Assistant Examiner: Gimie; Mahmoud M.
Attorney, Agent or Firm: Greigg; Ronald E. Greigg; Edwin
E.
Claims
We claim:
1. An electric bilge pump assembly formed of three elongate parts
in axial alignment, the assembly comprising
as a first part an electric motor with an output shaft carrying an
impeller at a distal end of said shaft,
as a second part a casing surrounding said electric motor and said
impeller and having a tubular portion in which a pump chamber is
defined with an axial inlet and a tangential outlet with the
impeller being positioned in the chamber, the casing having
mounting means for securing the pump assembly to a fixed side
surface and
as a third part an inlet housing for fitting over the axial inlet
of the casing, the housing having an open arcuate side over which a
filter grid is attached for easy removal, said housing being
manually rotatable to the axial inlet to enable the filter grid to
be directionally adjusted to oppose the fixed surface when the
assembly is secured to said surface.
2. A bilge pump assembly according to claim 1, wherein the electric
motor is enclosed in a cylindrical jacket whose axis is aligned
with the shaft and the axis of the tubular portion of the
casing.
3. A bilge pump assembly according to claim 2, wherein the jacket
has an integral double skin cylindrical outer wall having an
opening to said pump chamber to provide an internal closed end
passageway between the skins and into which passageway liquid in
the casing can flow from said pump chamber to cool the motor.

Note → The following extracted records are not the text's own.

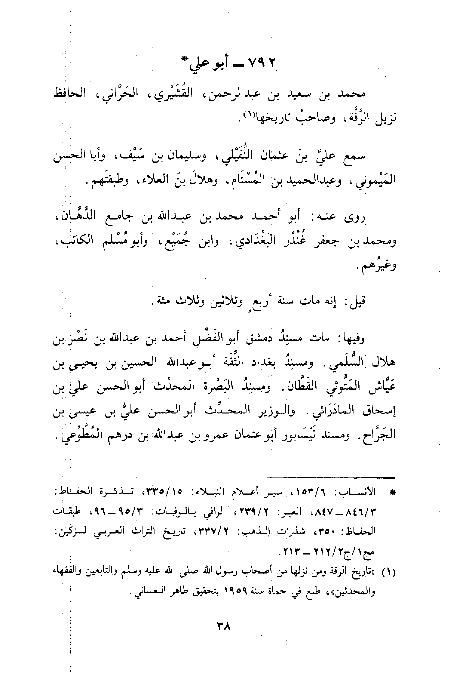 (¬1) "تاريخ الرقة ومن نزلها من أصحاب رسول الله صلى الله عليه وسلم والتابعين والفقهاء والمحدثين" طبع في حماة سنة 1959 بتحقيق طاهر النعساني.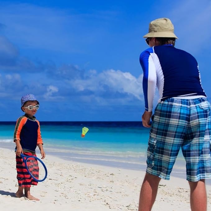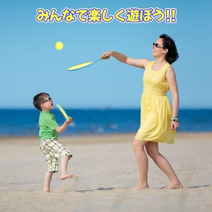 ラケットセットはコンパクトサイズだから公園や海岸ちょっとした広場などに持ち運んで気軽に遊ぶことが出来る便利アイテムです。 もちろんちょっとしたスペースがあれば室内でもOK!親子でファミリーで友達同士で楽しくワイワイ遊べる商品です。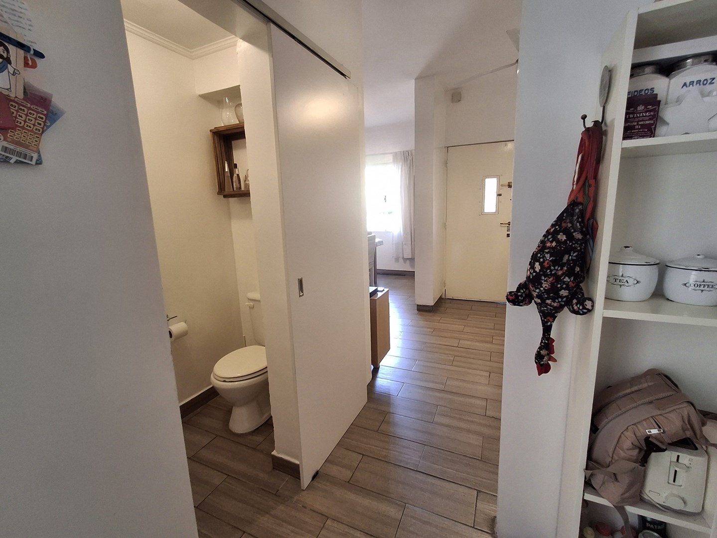 Impecable casa desarrollada en dos plantas, en excelente estado general y con ubicación privilegiada. En planta baja: Amplio living comedor al frente con pisos de porcelanato y estufa. Porch de entrada con reja sobre línea municipal. Cocina equipada con muebles bajo y sobre mesada. Toilette de recepción. Pequeño patio de ventilación con placard, donde se ubican el calefón y la conexión para lavarropas, además de espacio de guardado. Espacio de escritorio junto al acceso a la escalera hacia planta alta. En planta alta: Luminoso hall distribuidor. Dos dormitorios al frente, ambos con placard y aire acondicionado tipo split. Baño completo con ducha y vanitory. Excelente ubicación, con varias líneas de colectivo cercanas, supermercados, colegios y una amplia oferta de comercios. Fácil acceso tanto hacia Quilmes Oeste como hacia Quilmes Centro. Documentacion disponible para Credito Bancario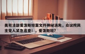美司法部爱泼斯坦案文件神秘消失,众议院民主党人紧急追查!,爱泼斯坦?

4. A bilge pump assembly according to claim 1, wherein the casing
has two opposed ends, one in which the axial inlet is provided and
the other being open and around which a shroud outwardly
extends.
5. A bilge pump assembly according to claim 4, wherein the shroud
has a plurality of open-ended slots at the transition between the
tubular portion and itself and into which slots corresponding lugs,
provided on the jacket, are manually pushed and rotated for the
motor to be thereby held in position.
6. A bilge pump assembly according to claim 5, wherein at the outer
edge of the outer skin of the jacket, an O-ring seal is provided
whereby, with the lugs fully located in their respective slots, the
O-ring is compressed and distorted to provide a liquidtight
seal.
7. A bilge pump assembly according to claim 4, wherein the shroud
is of rectangular shape in end elevation of the casing and two
adjoining walls thereof are extended and provided with apertures
through which fastenings can be screwed or bolted into a surface,
the wall extensions and apertures serving as the means for
surface-securement.
8. A bilge pump assembly according to claim 1, wherein the inlet
housing has a body having an upright wall in which an outlet is
provided having a projecting spigot surround, the outer
circumferential surface of which has a channel providing a seat for
an O-ring seal.
9. A bilge pump assembly according to claim 8, wherein the end of
the casing having the axial inlet is provided with an annular
socket formed by an outer peripheral flange and an inner peripheral
surround extending from around the axial inlet, the space
therebetween being entered by the spigot surround.
10. A bilge pump assembly according to claim 9, wherein the outer
edge of the outer peripheral flange is tapered from outside to
inside to provide a ramp to assist in the compression of the O-ring
seal to provide a liquidtight joint between the casing and inlet
housing.
11. A bilge pump assembly according to claim 9, wherein the fitment
between the spigot surround of the inlet housing with O-ring seal
and the socket of the casing, allows the facility to manually
adjust the attitude of the filter grid of the housing relative to
the surface to which the assembly is to be attached.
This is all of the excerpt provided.